‘Chinese-Style’ Crackdown vs. ‘Chinese-Style’ Crossing

Global Times’ Chang Meng describes an ongoing campaign against road safety violations as typical of short-term, unsustainable crackdowns whose effects barely outlast the campaigns themselves.

“You insane people, waiting on the street! I just ignored the red light, what can you do to me?” the middle-aged woman yelled at a police officer as she brought her bicycle to a halt by the roadside.

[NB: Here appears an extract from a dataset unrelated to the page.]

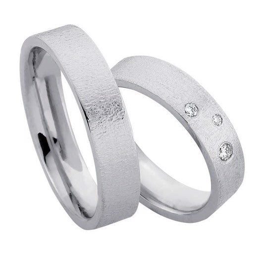 Sættet består af to stilrene ringe i rhodineret sølv, hvor dameringen er smukt prydet med tre brillantslebne diamanter i forskellige carat: 0,01, 0,02 og 0,04 ct. w/vs. Den forskudte placering af stenene giver et levende spil i lyset og skaber et eksklusivt, men diskret udtryk. Rhodineret sølv sikrer en ekstra blank overflade med dyb glans og effektiv beskyttelse mod ridser og misfarvning – så ringen holder sig smuk år efter år. Vielsesringene fra Nuran passer perfekt til par, der ønsker kvalitet og komfort samlet i et stilfuldt design, og det klassiske look gør dem velegnede til både hverdag og fest.
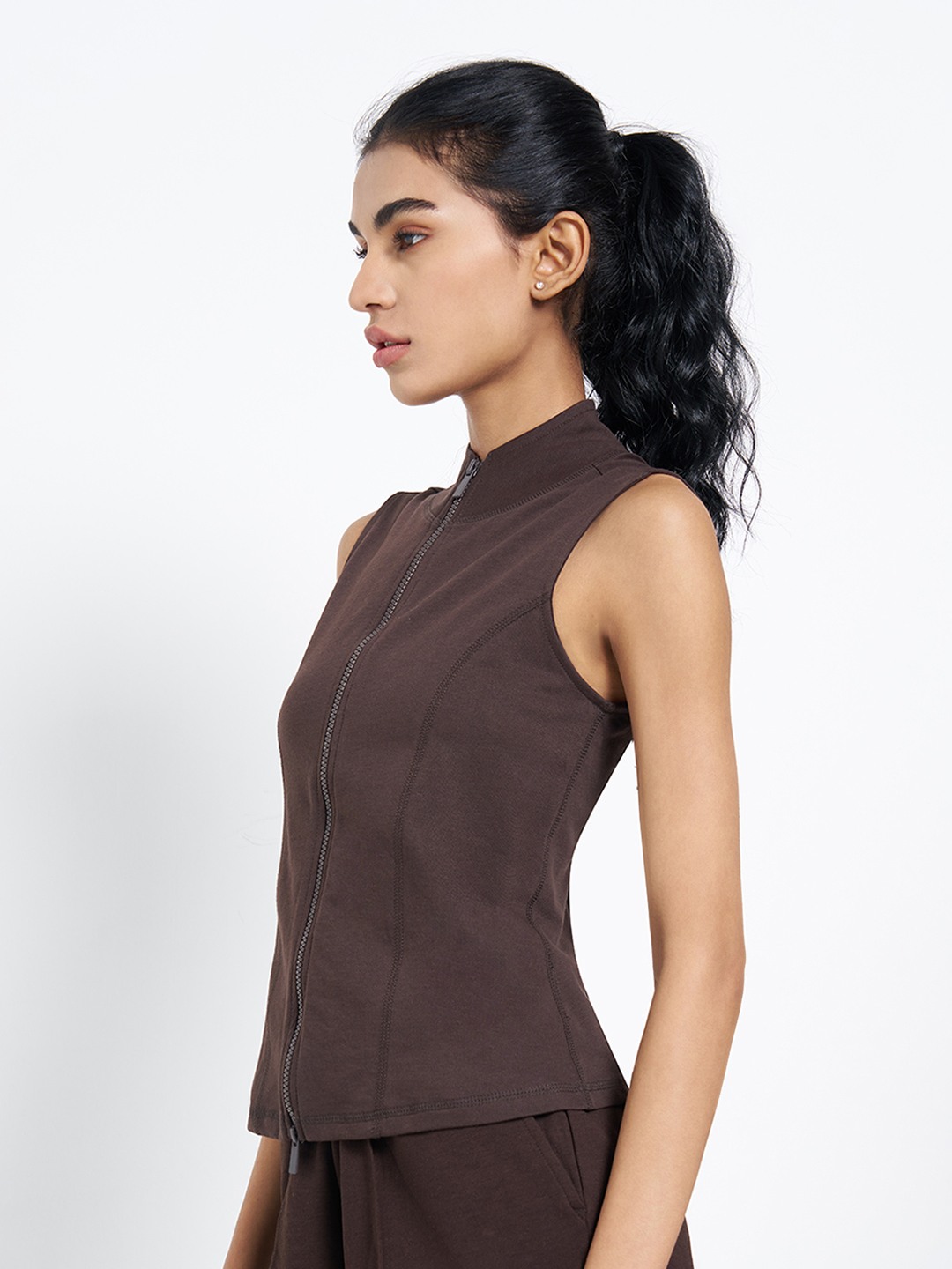 Sleek lines and a sculpted fit give this sleeveless top a sharp, performance-led edge. Designed with a high collar and full-length zip fastening, it features contoured seam detailing that enhances the streamlined silhouette. The stretch knit construction offers flexibility and comfort while maintaining a clean, structured profile.

After being asked for her name and ID, she shouted, “I don’t have a name and I’m leaving, just take good care of my bike,” before thrusting the bike at the police officer and storming away.

Residents in Huzhou, Zhejiang Province, witnessed this drama last week but these kinds of scenes have been seen across provinces and regions including Anhui, Shandong and Guangxi, as authorities have launched a campaign to crack down on violations of road rules, particularly “crossing the road, Chinese style.”

[…] The campaign set the stage for a showdown between two stereotypically Chinese phenomena: moving across the road en masse without regard for traffic lights, which has been dubbed by Web users a “Chinese style” of crossing the road; and a forceful albeit short-lived by the authorities, which produces short-lived success.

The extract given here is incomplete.